Chegamos aparentemente a um beco sem saída, a uma situação em que a poesia e a imagem poética se colocam abaixo das expectativas da utilidade e aquém do que poderiam expressar como linguagem, no sentido de que declinam da prerrogativa de formar uma historicidade consoante à experiência humana. Mas é só aparentemente que isso acontece. Para ver, às vezes é preciso “arrancar os olhos”. Se levarmos até ao limite a afirmação de Marcos Siscar de que “a insignificância do mundo, algo próximo da privação de sentido e de mundo, é a condição para que alguma outra coisa aconteça, se é verdade que ainda não aconteceu” (2010, p. 167), poderemos ver nessa sintomática “privação de sentido” a chave para uma leitura de poesia (e de arte, por extensão) que considere seus resíduos como participantes do produto final.
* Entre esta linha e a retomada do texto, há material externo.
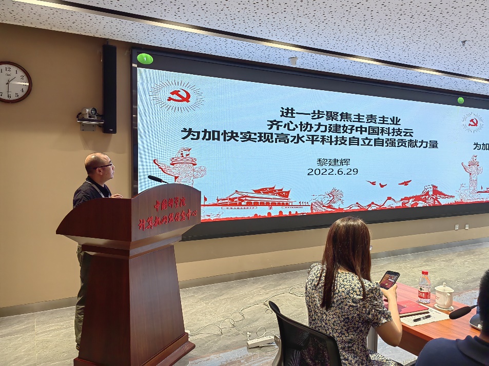 會議第一階段黎建輝以《進一步聚焦主責主業(yè)齊心協(xié)力建設(shè)好中國科技云為加快實現(xiàn)高水平科技自立自強貢獻力量》為題給支部全體黨員講了一次黨課,對“習近平關(guān)于網(wǎng)絡(luò)強國論述”和“習近平關(guān)于高水平科技自立自強論述”兩部分內(nèi)容做了深刻的剖析,圍繞科技云主責主業(yè),對新一代中國科技云發(fā)展方向做出了全面規(guī)劃。
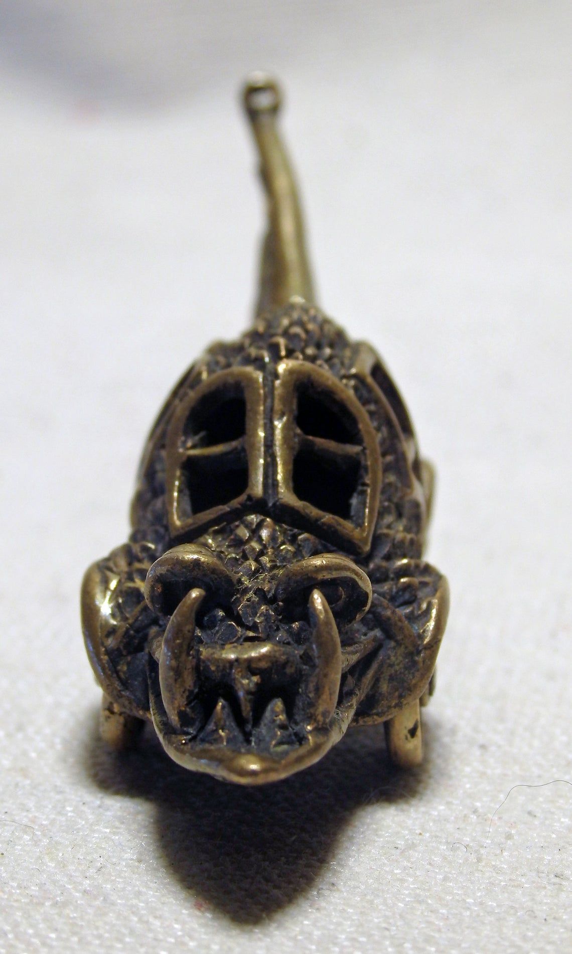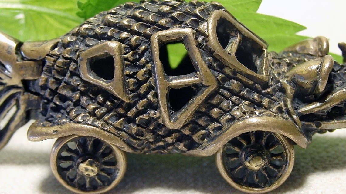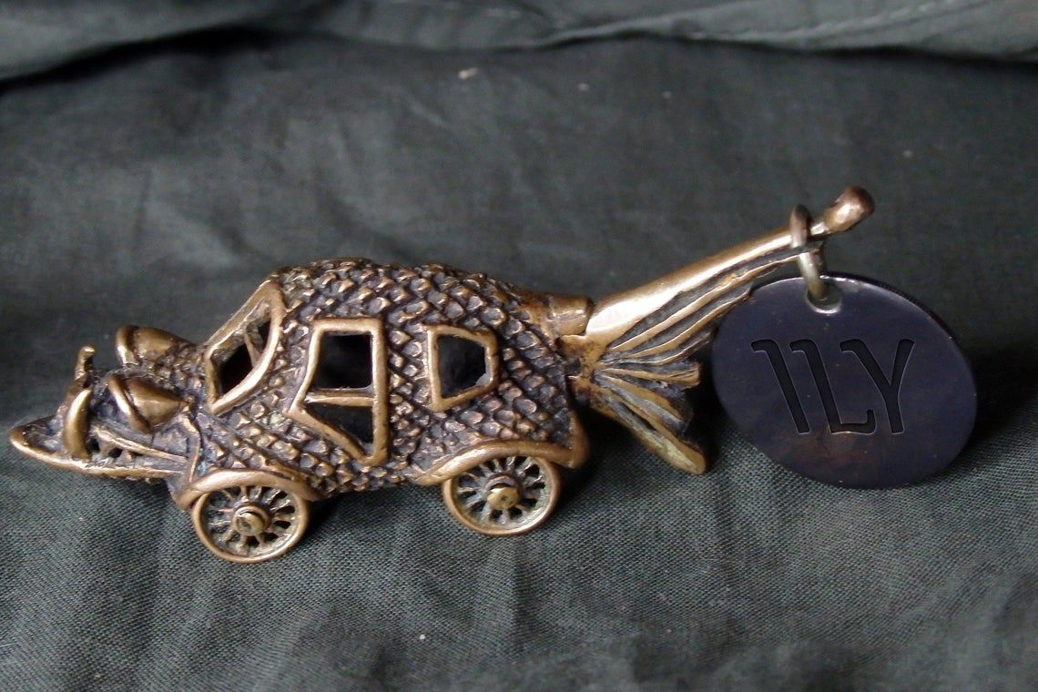 Small bronze souvenir toy. Fish-bus, miniature fish minivan - little funny bronze machine with a predatory fanged snout. The fish has real wheels and a moving fishtail. This toy can be rolled on the table or just admire.

Estamos contando aqui com a ambiguidade da palavra “sentido” para formular a ideia de que a poesia de Paulo Henriques Britto retoma frequentemente a metáfora da perecibilidade dos objetos (com todos os fenômenos de percepção que ela envolve) para performar o conflito que emerge de uma exigência, até certo ponto superada, de eternidade e beleza. É um choque frontal com certa ideia de arte que privilegia a duração da obra e sua permanência no mundo:

Vista contra o fundo das experiências políticas e de atividades que, entregues a si mesmas, vêm e vão sem deixar sobre o mundo nenhum vestígio, a beleza é a própria manifestação da imperecibilidade. A efêmera grandeza da palavra e do ato pode durar sobre o mundo na medida em que se lhe confere beleza. Sem a beleza, isto é, a radiante glória na qual a imortalidade potencial é manifestada no mundo humano, toda vida humana seria fútil e nenhuma grandeza poderia perdurar (Arendt, 1979ARENDT, Hannah (1979). Entre o passado e o futuro. Tradução de Mauro W. Barbosa. São Paulo: Perspectiva., p. 272).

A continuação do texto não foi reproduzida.